Vieillir : une expérience personnelle, un enjeu collectif

Le vieillissement ne se réduit pas à une succession de pertes ou à la prise d’un nouvel âge sur le calendrier administratif. Il s’agit d’un processus bio-psycho-social, c’est-à-dire qui engage le corps, le psychisme, la vie sociale, et l’environnement dans lequel la personne évolue.

  • Biologique : transformation du corps, apparition de fragilités ou de maladies chroniques, ralentissement de certaines fonctions – pas toujours synonyme de perte d’autonomie.
  • Psychologique : évolution de l’image de soi, réaménagement des aspirations, nécessité de redéfinir son identité par-delà l’activité professionnelle ou les rôles familiaux passés.
  • Social : modification du réseau relationnel, de la place dans la société, parfois du degré de visibilité ou de valorisation.

La perception de l’âge est fortement influencée par ce que l’entourage – proches, aidants, voisins, professionnels – communique comme attentes ou représentations, mais aussi par ce que la société – via les médias, les politiques publiques, le langage courant – transmet quant à la "valeur" attribuée au grand âge.

L’image de soi au fil du grand âge : nuances et transformations

Entre identité et estime de soi : ce qui change réellement

L’image de soi, c’est-à-dire la manière dont une personne se voit, se perçoit et se sent reconnue, évolue à mesure que l’on avance en âge.

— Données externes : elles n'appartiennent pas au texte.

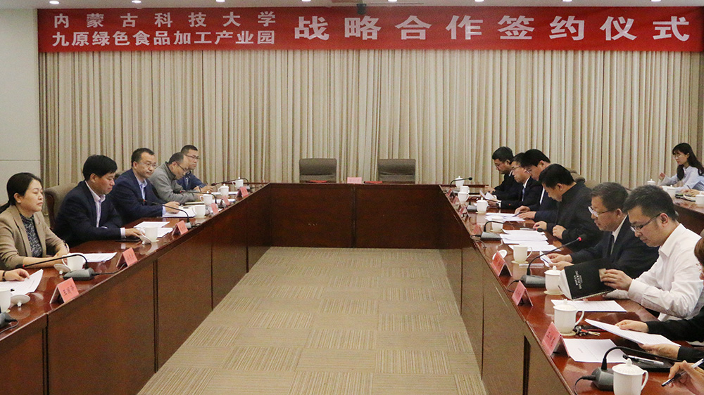 九原绿色食品加工产业园区是集食品加工、商务贸易、物流配送、科技教育、产业旅游等功能于一体的绿色生态食品产业园。与园区建立良好的合作关系,对于世界杯官网产学研转化和人才质量培养提升具有重要意义。本着“优势互补、重点推进、互利共赢”原则,双方共同表示将建立长期稳定的合作关系,发挥各自优势,在科技服务、人才培养、产学研合作、教育咨询等方面持续开展合作。

Cette évolution n’est pas linéaire : elle dépend du tempérament, du vécu, de l’environnement matériel et relationnel, de la santé, mais aussi des supports à l’autonomie qui sont proposés.

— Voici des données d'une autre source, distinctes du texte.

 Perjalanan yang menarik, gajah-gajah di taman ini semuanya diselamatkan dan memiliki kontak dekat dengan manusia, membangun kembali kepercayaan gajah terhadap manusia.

  • Sentiment d’utilité et de participation : Pouvoir se sentir utile, partager son expérience, transmettre son histoire ou ses savoir-faire, même de façon modeste ou locale, nourrit l’estime de soi.
  • Flexibilité identitaire : Dans les accompagnements médico-sociaux, la capacité à laisser place à l’individu dans la diversité de ses goûts, croyances, habitudes ou préférences favorise une adaptation positive face aux changements.
  • Gestion des pertes (deuils, santé, mobilité) : L’accompagnement psychologique et la parole partagée sont des leviers majeurs pour dépasser les moments de doute ou de fragilité.

Les études montrent que les personnes âgées en France sont très loin de s’auto-définir uniquement par "ce qui ne va plus" : selon une enquête menée par l’Ifop pour la Fondation Korian (2021), 66% des personnes de plus de 70 ans affirment se sentir épanouies dans leur vie quotidienne, et près de la moitié se considèrent en bonne santé, malgré l'existence de limitations ou de maladies chroniques.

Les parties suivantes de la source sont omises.